The main idea of this paper is the proposal of a semi-automated methodology to translate OpenCL code into a form suitable for CatapultC, with which hardware is synthesized using HLS. Since OpenCL is based on C99, which is also recognized by CatapultC, this translation does not bring major changes to the input code. The whole process is performed by a custom source-to-source translator, that either infers (if possible) or accepts by the user (this justifies the term semiautomated) details to OpenCL code like pointer sizes, loop boundaries, input parameters and expected return values. The basic steps are the following.

- Each kernel is isolated and HLS synthesizes a hardware components for it.
- Pointers used as formal parameters in functions are converted to arrays with specific dimensions, for correct memory allocation.
- Return values are inserted as formal pointer parameters in the kernel function. This coding technique generates output registers for them.
- Barrier OpenCL instructions are converted into CatapultC I/O transactions with ready/acknowledge interfaces.
- Array sizes are enlarged to reach powers of 2, when feasible. This simplifies synthesis of memory access related hardware.
- Data types are changed into bit accurate and simulation efficient types supported by CatapultC.
- Conditional statements are supplemented so that all mutually exclusive paths are clearly defined. This helps CatapultC schedule them correctly.

- OpenCL specific directives are temporary removed.
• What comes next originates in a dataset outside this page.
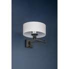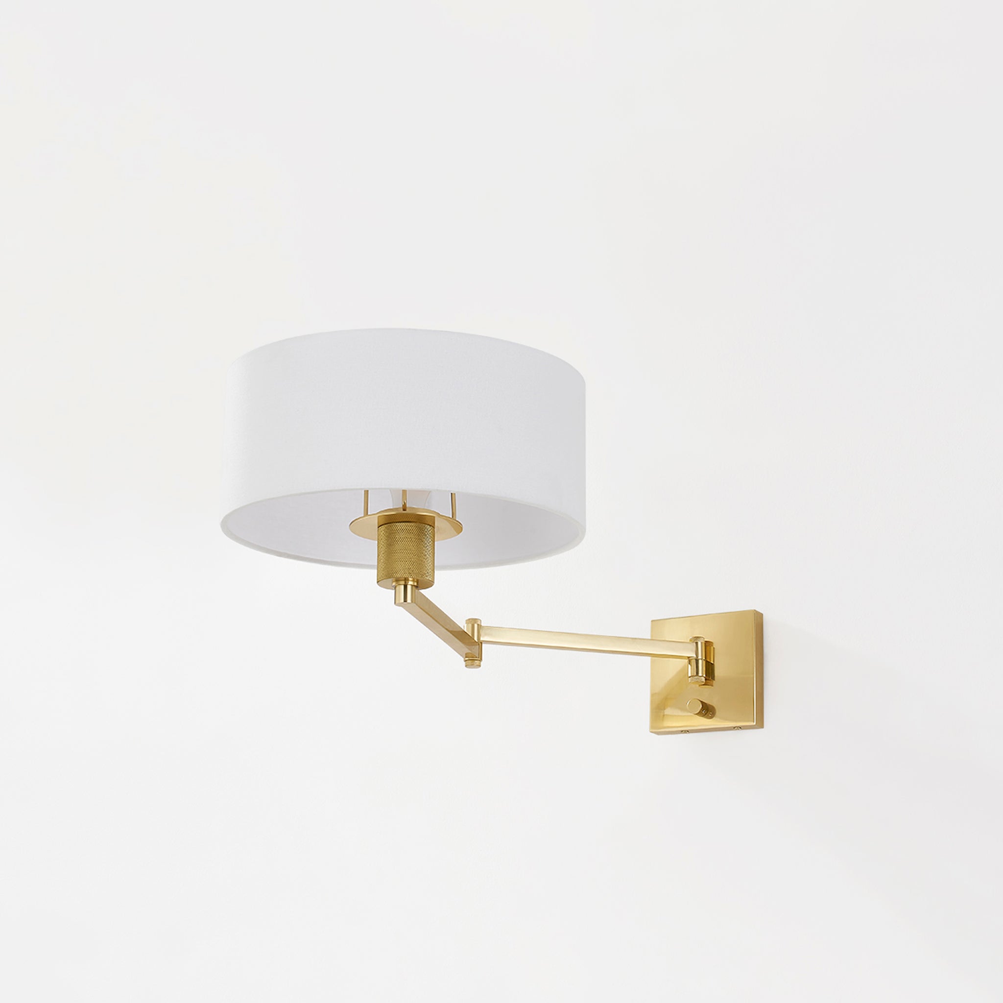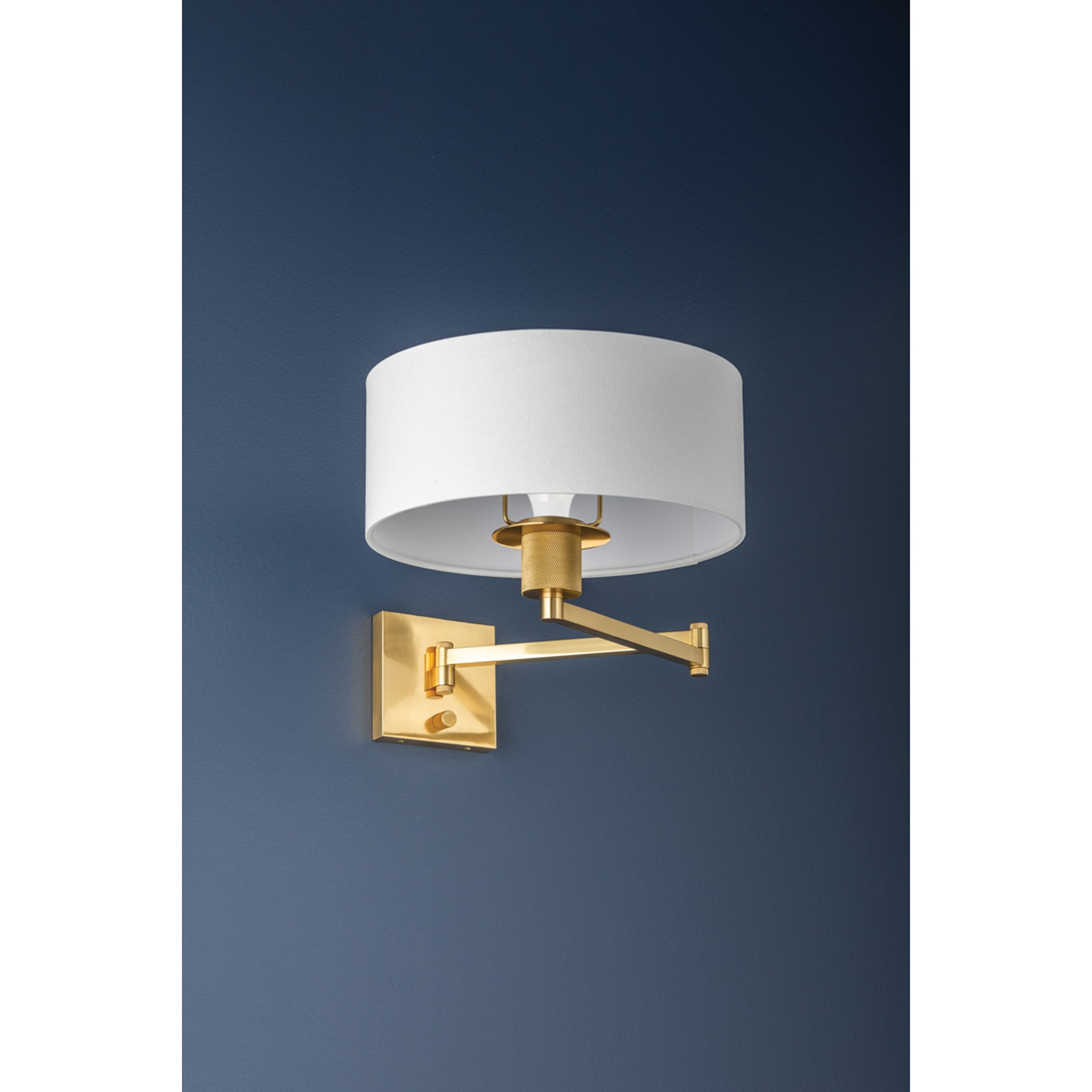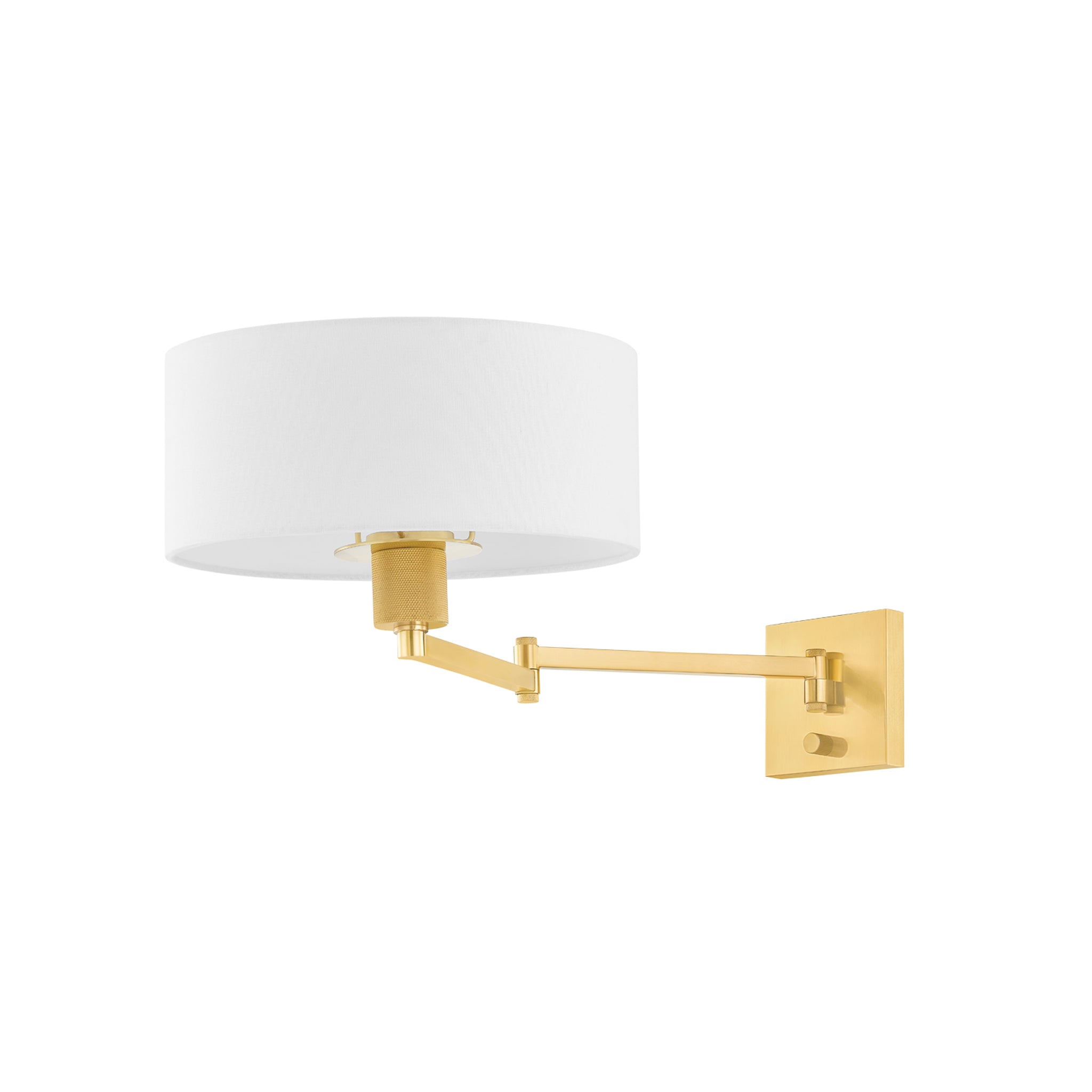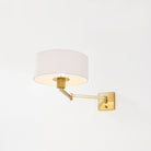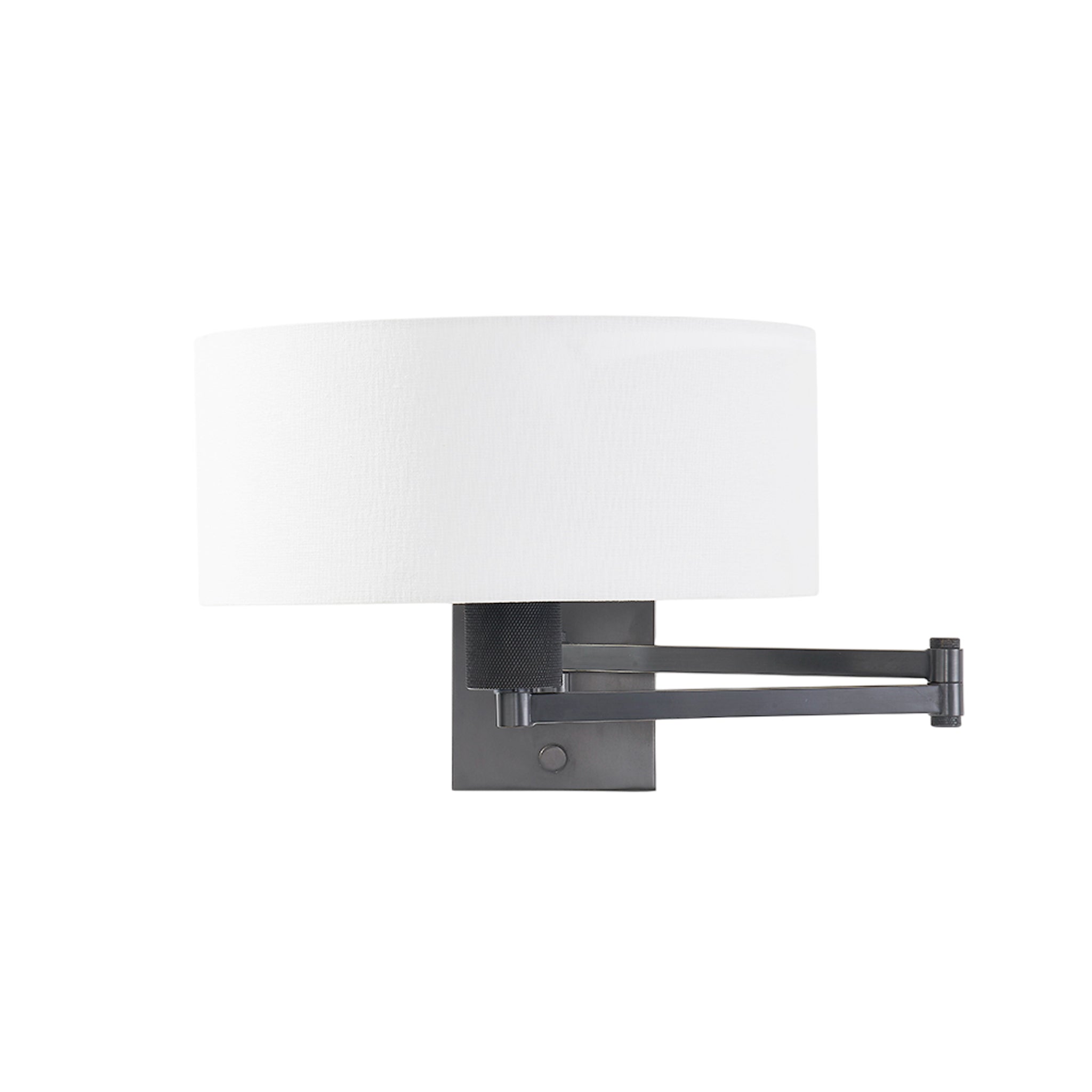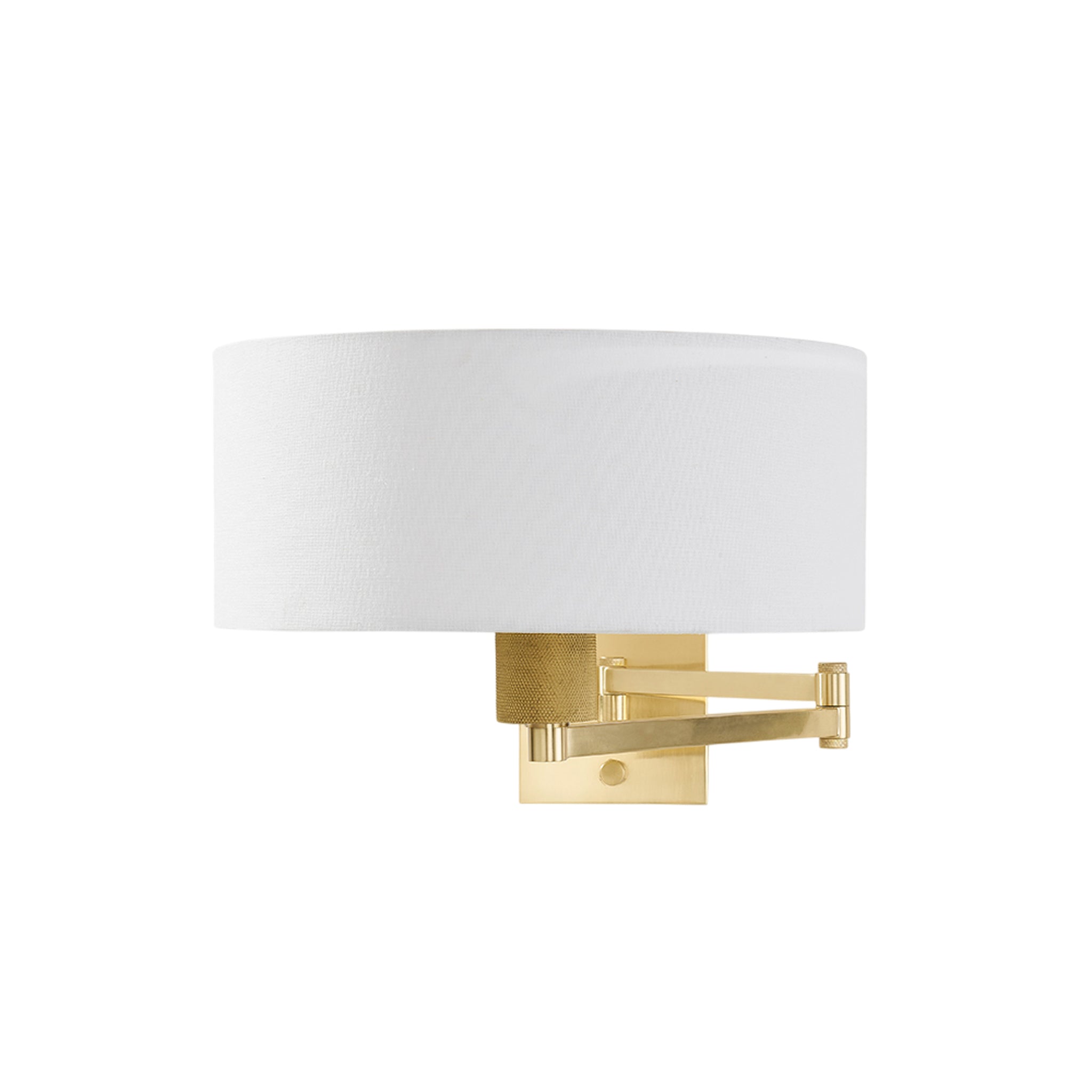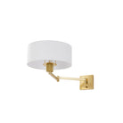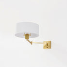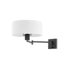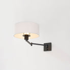 Form meets function in this user-friendly sconce design. A large drum shade in crisp white linen tops an adjustable swing arm, allowing for ease and versatility. With its lamp-like silhouette, it's a favorite for reading in bed. This useful wall light comes in two finishes; Aged Steel and Brass and Old Bronze. Becki Owens for Hudson Valley Lighting.

They are taken into account later, during system integration.
- CatapultC pragmas and directives are inserted. These pragmas and directives control all HLS transformations.

After translation, an iterative procedure is initiated, which works as a metaengine modifying CatapultC pragmas and directives. At each iteration, which is performed with a predefined scenario (i.e. a loop's initiation interval is decreased by one in each meta-engine iteration), a new solution is produced. The metaengine finishes when no new solutions can be produced (further modification of pragmas and directives produces invalid solutions) and the best solution with respect to performance and resource usage is selected for FPGA implementation. In the following subsections details about frequently used pragmas and directives are given.

### 3.1 Loops

Loops are the main source of optimization in algorithmic synthesis because most computations are performed within loops. Three are the main loop transformations in CatapultC, loop pipelining, loop unrolling and loop merging.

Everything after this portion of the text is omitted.